Task objective:
For the data below, please report each line where the word "water" is found.

Source information:
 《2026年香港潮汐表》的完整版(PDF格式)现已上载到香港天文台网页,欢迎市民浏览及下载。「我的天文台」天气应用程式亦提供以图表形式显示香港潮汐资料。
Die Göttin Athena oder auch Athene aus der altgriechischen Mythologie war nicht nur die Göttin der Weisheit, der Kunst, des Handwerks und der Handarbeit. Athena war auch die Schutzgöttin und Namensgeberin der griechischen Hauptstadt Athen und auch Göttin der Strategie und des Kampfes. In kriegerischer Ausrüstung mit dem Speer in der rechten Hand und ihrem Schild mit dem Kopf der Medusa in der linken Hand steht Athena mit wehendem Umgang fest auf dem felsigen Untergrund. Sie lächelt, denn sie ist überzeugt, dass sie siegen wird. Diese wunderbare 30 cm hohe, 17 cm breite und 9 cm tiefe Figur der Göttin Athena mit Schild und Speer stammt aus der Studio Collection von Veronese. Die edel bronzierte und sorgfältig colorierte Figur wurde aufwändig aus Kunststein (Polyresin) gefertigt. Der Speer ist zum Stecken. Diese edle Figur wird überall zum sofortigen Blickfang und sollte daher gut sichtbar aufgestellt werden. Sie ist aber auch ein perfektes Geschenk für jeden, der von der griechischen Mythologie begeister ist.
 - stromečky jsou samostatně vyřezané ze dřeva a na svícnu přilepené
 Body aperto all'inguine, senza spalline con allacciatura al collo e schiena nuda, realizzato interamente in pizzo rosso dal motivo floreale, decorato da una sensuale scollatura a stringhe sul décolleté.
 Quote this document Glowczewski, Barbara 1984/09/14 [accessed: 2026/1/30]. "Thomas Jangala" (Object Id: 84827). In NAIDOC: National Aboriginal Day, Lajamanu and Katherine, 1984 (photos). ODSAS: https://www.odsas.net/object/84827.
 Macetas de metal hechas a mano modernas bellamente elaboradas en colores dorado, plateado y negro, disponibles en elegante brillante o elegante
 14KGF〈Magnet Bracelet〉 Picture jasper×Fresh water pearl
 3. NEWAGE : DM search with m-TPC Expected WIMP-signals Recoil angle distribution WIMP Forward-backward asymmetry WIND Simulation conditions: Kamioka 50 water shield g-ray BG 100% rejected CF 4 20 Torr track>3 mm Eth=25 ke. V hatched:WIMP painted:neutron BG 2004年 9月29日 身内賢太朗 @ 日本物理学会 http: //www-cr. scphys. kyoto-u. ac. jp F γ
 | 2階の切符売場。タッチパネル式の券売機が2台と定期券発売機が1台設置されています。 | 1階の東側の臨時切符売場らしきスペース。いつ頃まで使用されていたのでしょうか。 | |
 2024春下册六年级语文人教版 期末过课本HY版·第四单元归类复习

Solution:
 14KGF〈Magnet Bracelet〉 Picture jasper×Fresh water pearl
 3. NEWAGE : DM search with m-TPC Expected WIMP-signals Recoil angle distribution WIMP Forward-backward asymmetry WIND Simulation conditions: Kamioka 50 water shield g-ray BG 100% rejected CF 4 20 Torr track>3 mm Eth=25 ke. V hatched:WIMP painted:neutron BG 2004年 9月29日 身内賢太朗 @ 日本物理学会 http: //www-cr. scphys. kyoto-u. ac. jp F γ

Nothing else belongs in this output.